What this task involves: Write out the listing below in its entirety, minus the pictures, without changing a word.

Recorded information:

-- -- --

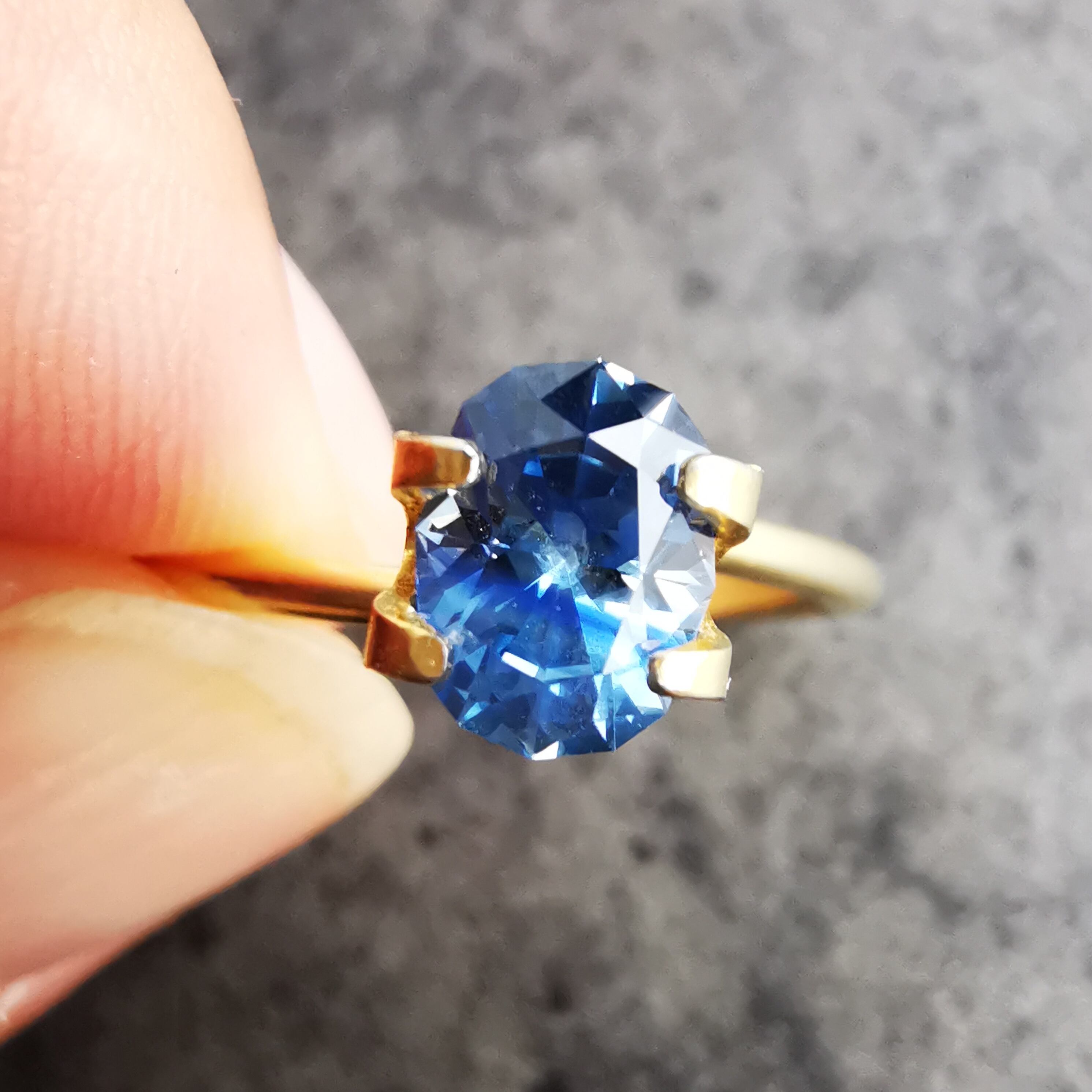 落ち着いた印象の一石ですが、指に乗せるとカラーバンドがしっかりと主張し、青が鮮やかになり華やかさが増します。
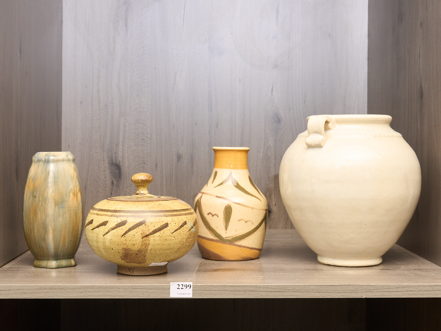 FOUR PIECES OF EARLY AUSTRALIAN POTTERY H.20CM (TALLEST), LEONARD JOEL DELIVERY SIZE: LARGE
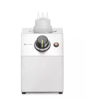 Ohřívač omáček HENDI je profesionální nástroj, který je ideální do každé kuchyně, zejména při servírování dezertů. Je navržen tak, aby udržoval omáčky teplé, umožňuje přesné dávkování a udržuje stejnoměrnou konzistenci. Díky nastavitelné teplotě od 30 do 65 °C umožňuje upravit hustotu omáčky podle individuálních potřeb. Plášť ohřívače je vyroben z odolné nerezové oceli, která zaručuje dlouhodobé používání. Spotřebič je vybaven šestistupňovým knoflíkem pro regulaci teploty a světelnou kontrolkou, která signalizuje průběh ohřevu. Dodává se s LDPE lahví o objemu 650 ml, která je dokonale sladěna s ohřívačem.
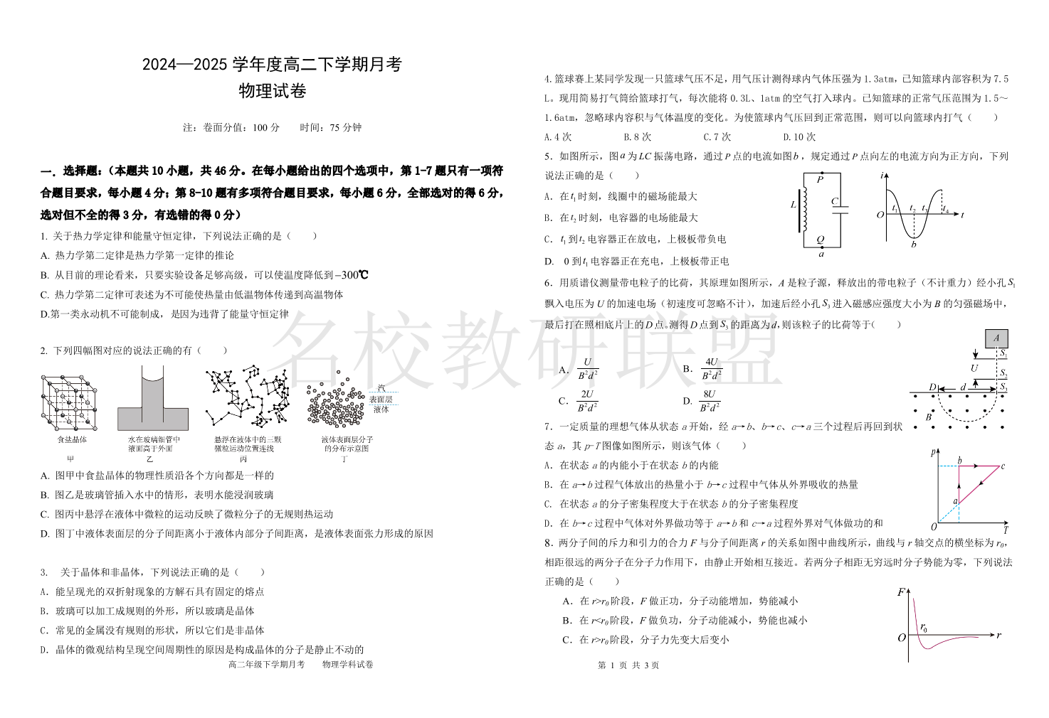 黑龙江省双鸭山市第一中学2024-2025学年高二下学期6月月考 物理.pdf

-- -- --

Expected answer:
 落ち着いた印象の一石ですが、指に乗せるとカラーバンドがしっかりと主張し、青が鮮やかになり華やかさが増します。
 FOUR PIECES OF EARLY AUSTRALIAN POTTERY H.20CM (TALLEST), LEONARD JOEL DELIVERY SIZE: LARGE
 Ohřívač omáček HENDI je profesionální nástroj, který je ideální do každé kuchyně, zejména při servírování dezertů. Je navržen tak, aby udržoval omáčky teplé, umožňuje přesné dávkování a udržuje stejnoměrnou konzistenci. Díky nastavitelné teplotě od 30 do 65 °C umožňuje upravit hustotu omáčky podle individuálních potřeb. Plášť ohřívače je vyroben z odolné nerezové oceli, která zaručuje dlouhodobé používání. Spotřebič je vybaven šestistupňovým knoflíkem pro regulaci teploty a světelnou kontrolkou, která signalizuje průběh ohřevu. Dodává se s LDPE lahví o objemu 650 ml, která je dokonale sladěna s ohřívačem.
 黑龙江省双鸭山市第一中学2024-2025学年高二下学期6月月考 物理.pdf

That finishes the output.